Tuesday, 3 December 2013


Financial Times Seasonal Appeal: First world care for developing nations

The FT launches its campaign in support of World Child Cancer
The white spots appeared on Than Win Htut’s right eye just a few months after his first birthday. At first, his mother, Su Su Myint, was not too concerned. “I just thought it was normal,” she recalls.
Within eight months, however, a milky film had covered the entire eye. The doctor near their village in western Myanmar grew increasingly confused and alarmed about Than Win’s condition. By then it was clear the spots were anything but normal.
Today, Than Win, who turned three a week ago, is a regular visitor to the paediatric oncology unit at Yangon Children’s Hospital where he undergoes chemotherapy to treat the tumour growing on his eye.

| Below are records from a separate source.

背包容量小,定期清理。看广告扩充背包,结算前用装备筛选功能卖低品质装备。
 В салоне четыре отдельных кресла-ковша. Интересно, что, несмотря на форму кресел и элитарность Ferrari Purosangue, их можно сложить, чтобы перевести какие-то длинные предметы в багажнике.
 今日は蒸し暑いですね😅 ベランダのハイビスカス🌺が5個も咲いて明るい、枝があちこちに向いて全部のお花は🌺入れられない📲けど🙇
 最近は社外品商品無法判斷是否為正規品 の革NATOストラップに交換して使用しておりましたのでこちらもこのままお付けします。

For the past year he and his mother have taken the arduous overnight journey to the hospital, which is itself battling a shortage of resources, the legacy of decades of rule by a paranoid junta.
His doctors are doing the best they can with what they have. But his prognosis remains uncertain. Were he living in London or Long Island, you could say with confidence that Than Win was going to survive and thrive.

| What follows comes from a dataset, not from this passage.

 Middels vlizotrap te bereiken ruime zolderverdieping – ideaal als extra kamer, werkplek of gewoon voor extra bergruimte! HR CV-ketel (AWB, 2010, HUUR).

But Than Win is one of the victims of what ought to be one of the world’s most avoidable medical injustices.
This year, 200,000 children in the world will be diagnosed with cancer. In the rich world, this does not have to be a death sentence. Decades of medical research and advances in treatment mean eight in 10 children battling cancer in the developed world will survive. But the vast majority of children diagnosed with cancer these days live in the developing world. For them, the odds are inverted. In some parts of the poor world as few as one in 10 children diagnosed with cancer survive. At the Yangon Children’s Hospital the survival rate is roughly 30 per cent.
The Financial Times today launches its 2013 Seasonal Appeal in support of World Child Cancer, one of the few charities dedicated to fighting cancer in children in the developing world. In the coming weeks, we will profile the work of this young charity, detailing the challenges doctors and families face in fighting childhood cancer and exploring efforts to develop and deploy low-cost treatments. The biggest killers of children worldwide remain infectious diseases such as pneumonia, diarrhoea, malaria and measles, according to the World Health Organisation. But billions have been poured into tackling those diseases over the past decade, with the Gates Foundation alone spending $2bn fighting malaria.

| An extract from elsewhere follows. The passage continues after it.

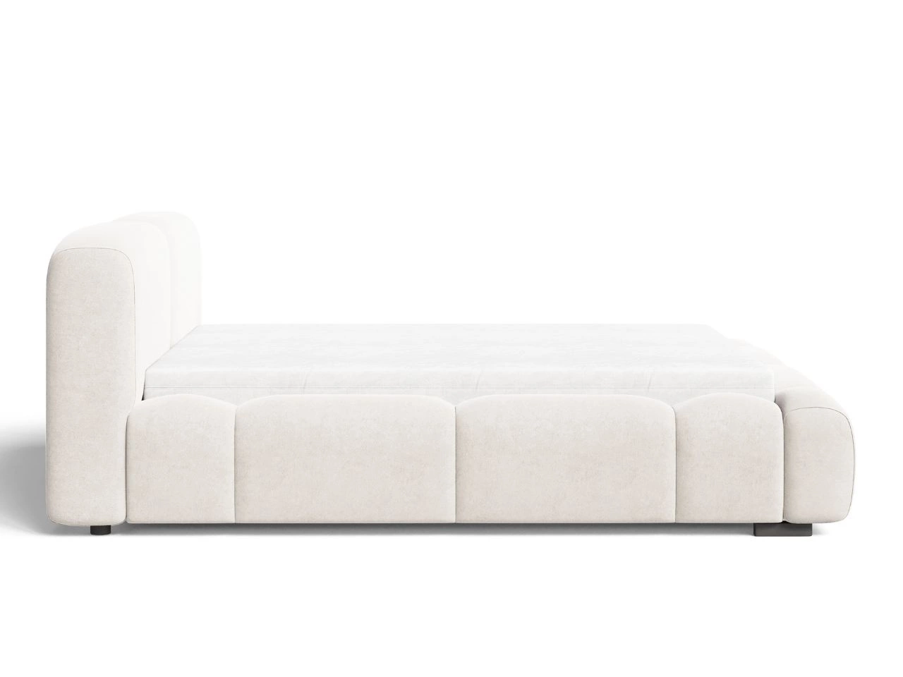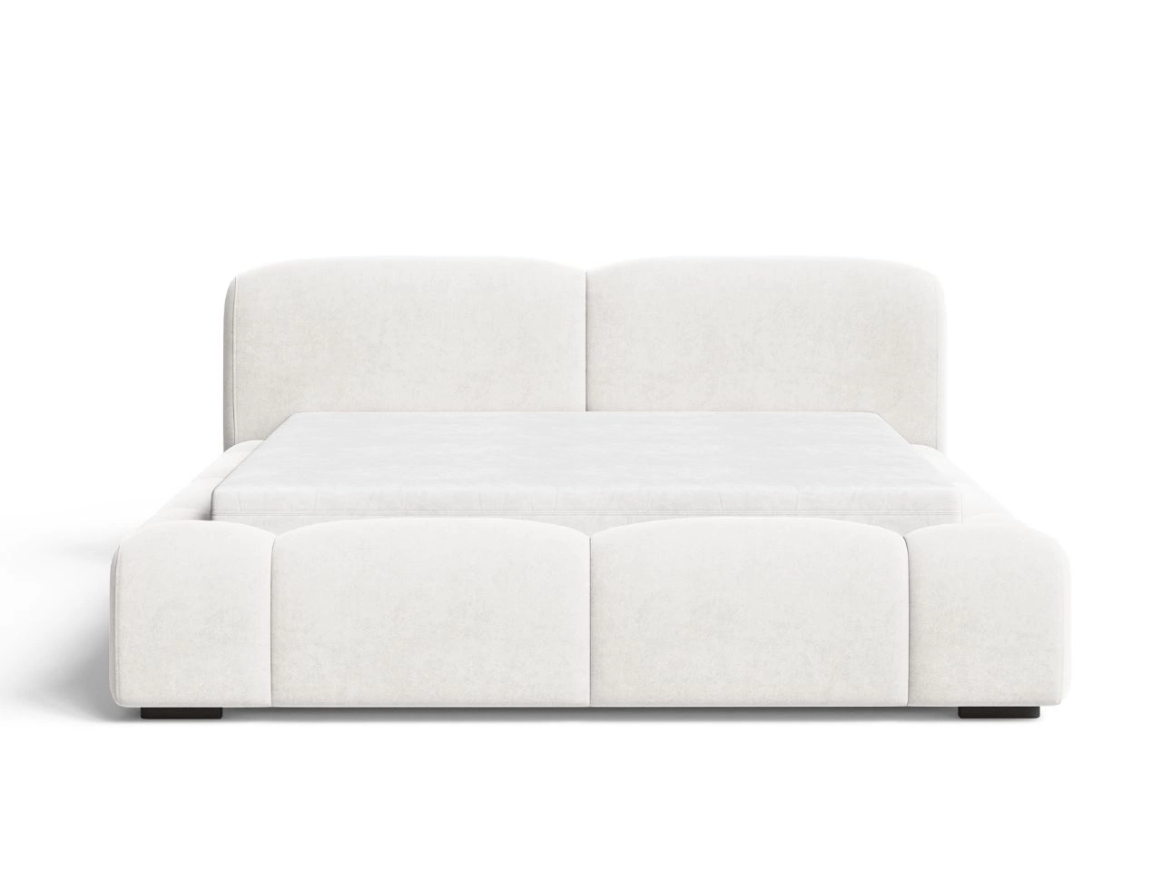 Polsterbett Aubi ist ein modernes Möbelstück mit skulpturaler Form, das sich durch seine leicht abgerundete Silhouette und die massive Basis auszeichnet. Die weichen Seitenelemente sowie das minimalistische, zweiteilige Kopfteil fügen sich harmonisch in elegante, zeitgemäße Innenräume ein.

Non-communicable diseases such as cancer have received far less attention from donors, largely because they were left out of the UN’s Millennium Development Goals, charities say. But cancer is a growing cause of death in the developing world. As people escape poverty and their lifestyles change, the incidence of illnesses such as cancer, diabetes and heart disease grows. So too does the exposure of children. Childhood cancers are now the second-biggest killers of children in the US, after accidents.
As cancer treatments have evolved, survival rates have soared in the rich world. A child diagnosed with leukaemia in the UK today has an 80 per cent chance of being alive five years later, up from just 10 per cent in the 1960s.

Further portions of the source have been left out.